I've got a new ebook, but it's not really new. It's Shadow of the Wanderers, an epic fantasy. Three young people are drawn into battles between the immortals: Roric, a fatherless warrior; Karin, the exiled princess he loves; and Valmar, a reluctant king's son. Earth and sky are under the sway of the Wanderers, the lords of voima, the power of life and strength. But even the time of the immortal Wanderers must end.
Originally the book's title was Voima, from a Finnish word meaning power, a term I use in the book instead of magic--and besides, it isn't really magic. Although Baen launched it with a great deal of fanfare over twenty years ago, it has never sold well. I think the problem is that it is not like Yurt. People who read C. Dale Brittain books want magic and wizards and good-natured humor. But there's plenty of seriousness in Yurt too, as I hope those fans have noticed. And hey, aren't some of them George Martin fans too? After all, I very much like Martin myself! (And Voima originally came out two years before Game of Thrones.)
So I decided to rename the book and give it a new cover, in the hope of attracting different readers. The cover you see is by Shardel, and I got it through SelfPubBookCovers.com, which I recommend to any self-published author looking for a good cover.

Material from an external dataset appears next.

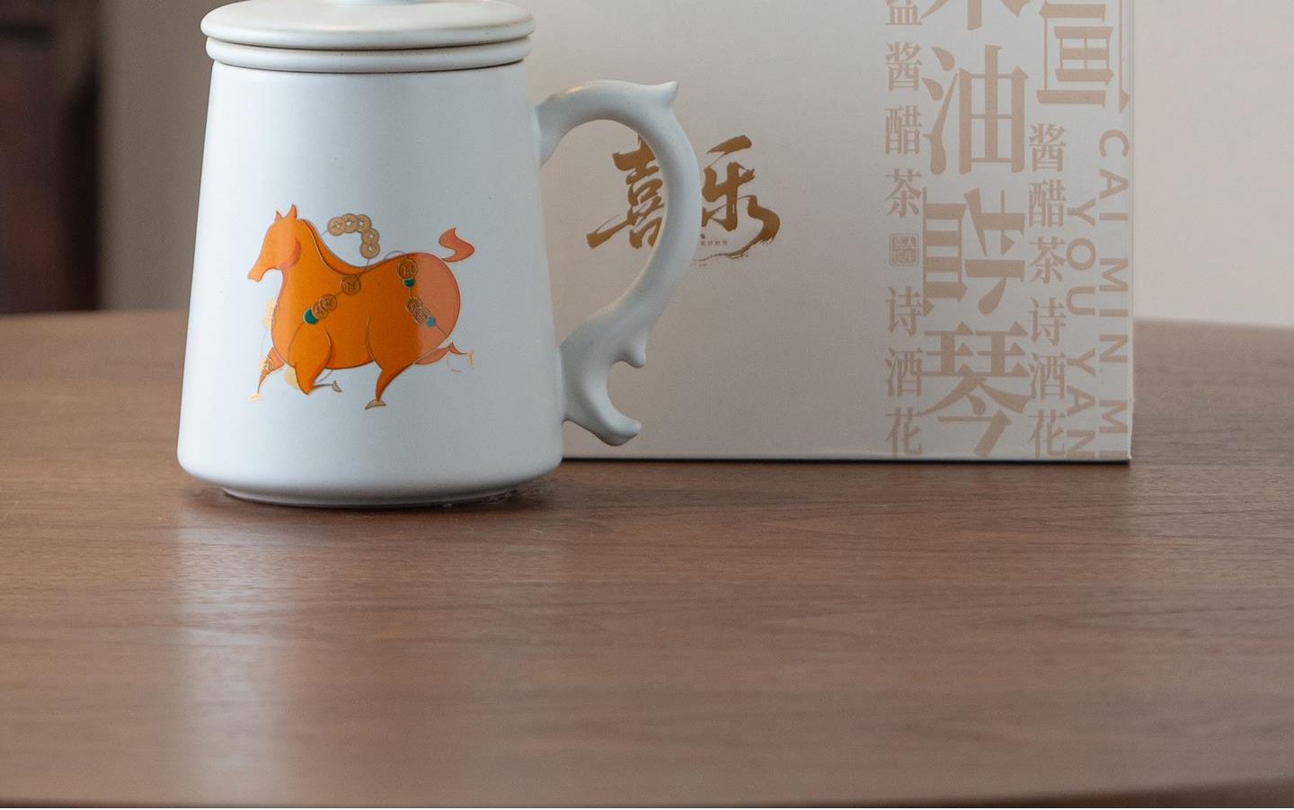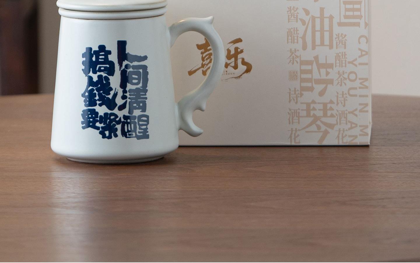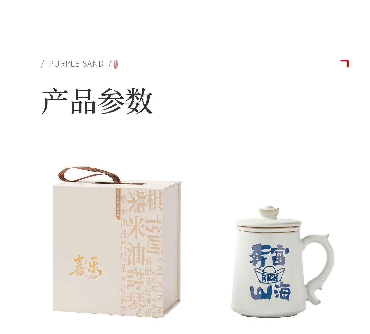 配置:辦公杯*1,禮盒*1. 尺寸:辦公杯長13cm高14.5cm容量450ml, 禮盒:長17cm寬12cm高19cm。 款式:暴富系列/馬上有福系列。

You don't decide what you want on your cover but rather look through hundreds of pre-made covers (without titles on them) and see if you can find one that suits your story. I thought this one suited by my story just swell.
The ebook is available through Amazon and B&N and Kobo and iTunes under its new title. The content is the same! The opening can be read for free on Amazon here, or below for those who don't want to bother clicking. Enjoy!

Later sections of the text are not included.